Selection, Characterization, and Application of High Affinity Microcystin-Targeting Aptamers in a Graphene-Based Biosensing Platform

The development of successful biosensing platforms is highly dependent upon the biorecognition properties of the recognition receptor and the sensitivity of the transducer of the binding signal. The integration of the high affinity and specificity of DNA aptamers, and the unique properties of the carbon nanomaterial graphene, offers an excellent avenue for sensitive and selective biosensing architectures. In this work, novel microcystin-targeting DNA aptamers were successfully selected using systematic evolution of ligand by exponential enrichement (SELEX). Then, highly sensitive and selective aptasensor which utilizes an unlabeled aptamer noncovalently assembled on a graphene electrode for microcystin-LR detection was developed. Assembly of the DNA aptamer on the graphene-modified electrodes caused a marked drop in the square wave voltammetric reduction signal of the [Fe(CN)₆]^4−/3− redox couple.
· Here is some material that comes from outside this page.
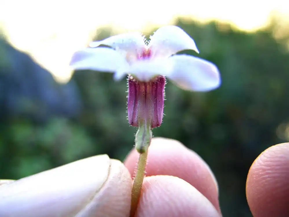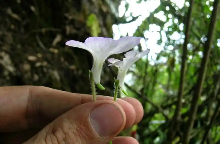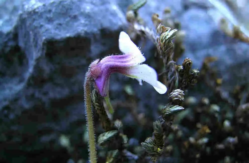 Albeit the difficult position, I was able to take numerous pics of the flowers while somehow still holding onto the cliff. It was strenuous, but worth it. These were possibly the 1st shots of P.mirandae (with or without flowers) in the wild. The flowers had a surprising mix of colors. The petal lobes were white, the corolla tube was flattened laterally, with a constriction near the center where there was a sharp 90 degrees bend. On the outside, the tube was colored a dark purple-pink with darker lateral stripes, the apical half containing 5 greenish-yellow stripes along the fusion points of the petals. These appeared more yellowish from the inside of the tube, which was also thickly covered with white hairs.

The presence of microcystin-LR, on the other hand, caused a dose-responsive increase in peak current, allowing the quantification of microcystin-LR through the measurement of peak current change. Under optimal conditions, the detection limit of the developed aptasensor was 1.9 pM in buffer, a concentration much lower than those offered by previously reported biosensors for microcystin-LR. The developed aptasensor also exhibited excellent selectivity for microcystin-LR with no detectable cross-reactivity to okadaic acid, microcystin-LA and -YR. Moreover, the proposed aptasensor has been applied for the analysis of spiked tap water and fish samples showing good recovery percentages. We also demonstrated in this work that the mechanism of the detection was based on the conformation change in part of the aptamer without complete release from the graphene surface. This novel, simple, high performance and low-cost detection platform would facilitate the routine monitoring of microcystin –LR in real samples.